リニア中央新幹線の南アルプストンネル工事を巡り、JR東海は21日、山梨県側から掘り進めている作業員や工事機材が通るための「先進坑」が静岡県境まで61メートルの地点に到達し、当初の計画通りに掘削を停止したと正式に発表しました。この進捗は、大規模なトンネルプロジェクトにおける重要なマイルストーンを示しています。

7月以降にボーリング調査を再開

今後、静岡県内での掘削を安全かつ効率的に進めるために必要なボーリング調査を再開し、地質の詳細な状況や湧水量を慎重に確認する予定です。実施時期は7月以降を見込んでおり、これにより工事の次の段階への移行が図られます。
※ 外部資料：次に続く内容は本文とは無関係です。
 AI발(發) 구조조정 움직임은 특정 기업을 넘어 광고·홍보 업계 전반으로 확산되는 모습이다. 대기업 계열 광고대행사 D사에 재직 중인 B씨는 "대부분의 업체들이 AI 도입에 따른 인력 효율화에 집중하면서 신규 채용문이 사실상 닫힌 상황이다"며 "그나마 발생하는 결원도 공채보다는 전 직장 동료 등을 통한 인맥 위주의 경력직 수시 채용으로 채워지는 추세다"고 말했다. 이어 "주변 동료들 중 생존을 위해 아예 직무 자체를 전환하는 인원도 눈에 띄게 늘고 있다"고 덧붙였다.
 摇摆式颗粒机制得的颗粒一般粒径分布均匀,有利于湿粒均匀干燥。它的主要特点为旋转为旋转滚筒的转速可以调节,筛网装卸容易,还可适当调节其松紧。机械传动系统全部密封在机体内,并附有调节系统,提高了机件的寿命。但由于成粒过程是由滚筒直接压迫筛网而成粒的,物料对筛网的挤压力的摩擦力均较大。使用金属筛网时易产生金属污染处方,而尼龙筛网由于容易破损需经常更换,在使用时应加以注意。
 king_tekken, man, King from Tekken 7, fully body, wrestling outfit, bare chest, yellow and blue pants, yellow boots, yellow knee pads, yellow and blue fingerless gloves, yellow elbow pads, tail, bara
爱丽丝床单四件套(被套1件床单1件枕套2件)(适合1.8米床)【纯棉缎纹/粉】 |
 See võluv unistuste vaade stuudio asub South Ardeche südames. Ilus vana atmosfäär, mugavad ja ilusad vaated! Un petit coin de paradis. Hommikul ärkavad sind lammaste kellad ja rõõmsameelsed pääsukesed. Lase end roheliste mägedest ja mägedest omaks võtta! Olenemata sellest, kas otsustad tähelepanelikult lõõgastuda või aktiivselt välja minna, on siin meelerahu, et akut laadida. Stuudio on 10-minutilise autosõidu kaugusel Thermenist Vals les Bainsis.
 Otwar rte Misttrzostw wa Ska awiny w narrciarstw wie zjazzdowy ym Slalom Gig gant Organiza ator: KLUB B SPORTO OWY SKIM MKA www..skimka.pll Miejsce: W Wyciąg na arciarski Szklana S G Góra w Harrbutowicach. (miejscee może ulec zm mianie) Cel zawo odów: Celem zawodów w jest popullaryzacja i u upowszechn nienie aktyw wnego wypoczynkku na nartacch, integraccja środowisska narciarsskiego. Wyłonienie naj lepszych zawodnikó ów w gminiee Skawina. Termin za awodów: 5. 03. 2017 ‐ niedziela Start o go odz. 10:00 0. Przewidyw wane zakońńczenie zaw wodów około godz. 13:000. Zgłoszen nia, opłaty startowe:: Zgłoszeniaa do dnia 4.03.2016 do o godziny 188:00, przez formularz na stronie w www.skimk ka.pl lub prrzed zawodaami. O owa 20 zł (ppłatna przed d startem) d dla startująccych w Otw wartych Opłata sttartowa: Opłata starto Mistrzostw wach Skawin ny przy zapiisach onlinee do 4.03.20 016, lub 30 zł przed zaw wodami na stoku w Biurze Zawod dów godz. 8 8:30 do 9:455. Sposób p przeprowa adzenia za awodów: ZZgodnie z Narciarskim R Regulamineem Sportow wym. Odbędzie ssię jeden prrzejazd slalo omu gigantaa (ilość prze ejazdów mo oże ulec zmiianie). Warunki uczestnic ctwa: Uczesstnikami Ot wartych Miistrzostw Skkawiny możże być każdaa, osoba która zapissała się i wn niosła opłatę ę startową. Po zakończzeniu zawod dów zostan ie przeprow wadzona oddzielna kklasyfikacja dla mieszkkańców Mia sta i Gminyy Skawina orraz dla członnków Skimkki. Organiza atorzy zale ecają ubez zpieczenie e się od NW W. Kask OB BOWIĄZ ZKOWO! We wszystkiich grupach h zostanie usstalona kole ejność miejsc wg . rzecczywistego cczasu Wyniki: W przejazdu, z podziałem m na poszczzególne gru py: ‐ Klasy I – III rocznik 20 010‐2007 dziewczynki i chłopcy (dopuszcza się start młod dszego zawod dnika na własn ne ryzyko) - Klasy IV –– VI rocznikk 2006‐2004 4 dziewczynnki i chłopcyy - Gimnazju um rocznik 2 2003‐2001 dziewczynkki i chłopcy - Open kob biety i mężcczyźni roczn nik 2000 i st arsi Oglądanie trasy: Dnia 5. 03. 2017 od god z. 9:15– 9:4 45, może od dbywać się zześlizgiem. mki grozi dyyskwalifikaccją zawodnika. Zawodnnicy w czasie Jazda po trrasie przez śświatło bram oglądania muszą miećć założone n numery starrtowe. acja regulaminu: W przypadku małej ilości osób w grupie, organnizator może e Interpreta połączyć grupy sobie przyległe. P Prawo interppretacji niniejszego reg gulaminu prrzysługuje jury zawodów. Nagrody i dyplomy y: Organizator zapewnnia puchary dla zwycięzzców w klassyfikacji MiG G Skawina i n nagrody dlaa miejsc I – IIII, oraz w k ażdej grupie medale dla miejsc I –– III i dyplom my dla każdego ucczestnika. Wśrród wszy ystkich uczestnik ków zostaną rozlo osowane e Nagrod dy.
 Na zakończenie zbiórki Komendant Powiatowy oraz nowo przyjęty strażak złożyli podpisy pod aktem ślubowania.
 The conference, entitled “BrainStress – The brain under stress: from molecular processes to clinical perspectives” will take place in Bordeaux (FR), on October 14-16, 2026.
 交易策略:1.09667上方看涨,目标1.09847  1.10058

ボーリング調査は、山梨県側の地層が崩れて穴がふさがったため、2024年12月に一時中断していました。今回の再開では、静岡県境から約300メートルまでの範囲で実施され、調査中に湧水が管理値(掘削10メートル当たり毎秒0.05トン)を上回るなどの不測の事態が発生した場合は、直ちに中断される方針です。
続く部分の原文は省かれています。